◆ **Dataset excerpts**
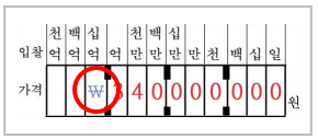 아래 예시와 같이 입찰 금액의 앞 단위에 \를 먼저 써두는 것도 방법이 되겠네요.
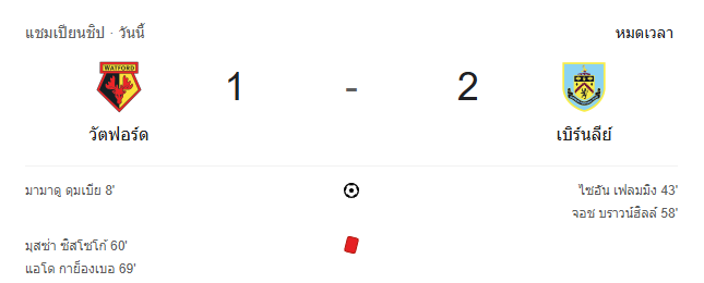 - จบการแข่งขัน: เบิร์นลี่ย์บุกมาคว้าชัยสุดมันส์ 2-1 พร้อมเก็บสามแต้มสุดสำคัญกลับบ้าน
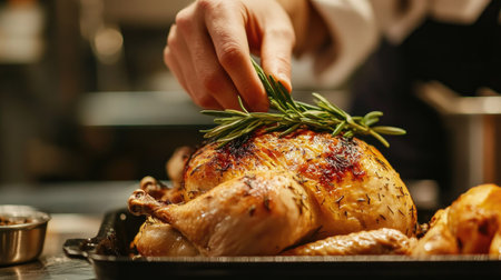 A chefs hand placing rosemary sprigs on a whole roasted chicken just before serving, with other garnishes ready on the side.
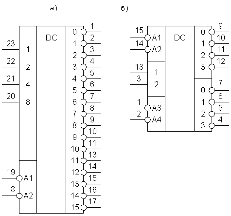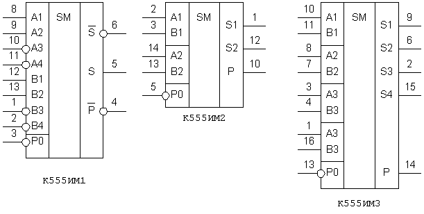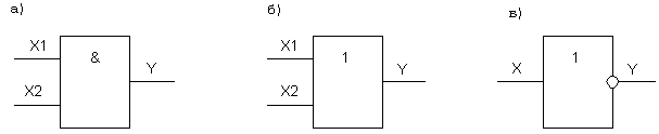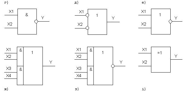 На рисунку 3 наведені приклади умовного позначення логічних елементів різних серій.
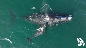 Una balena franca nordatlantica è stata avvistata al largo di un'isola della Georgia negli Stati Uniti, mentre nuotava trascinando una fune da pesca rimasta impigliata nella bocca. Accanto a lei il suo piccolo appena nato

◆ **Exercise instructions**
Transcribe all the lines above exactly; any image among them is skipped.

◆ **Your solution**
 아래 예시와 같이 입찰 금액의 앞 단위에 \를 먼저 써두는 것도 방법이 되겠네요.
 - จบการแข่งขัน: เบิร์นลี่ย์บุกมาคว้าชัยสุดมันส์ 2-1 พร้อมเก็บสามแต้มสุดสำคัญกลับบ้าน
 A chefs hand placing rosemary sprigs on a whole roasted chicken just before serving, with other garnishes ready on the side.
 На рисунку 3 наведені приклади умовного позначення логічних елементів різних серій.
 Una balena franca nordatlantica è stata avvistata al largo di un'isola della Georgia negli Stati Uniti, mentre nuotava trascinando una fune da pesca rimasta impigliata nella bocca. Accanto a lei il suo piccolo appena nato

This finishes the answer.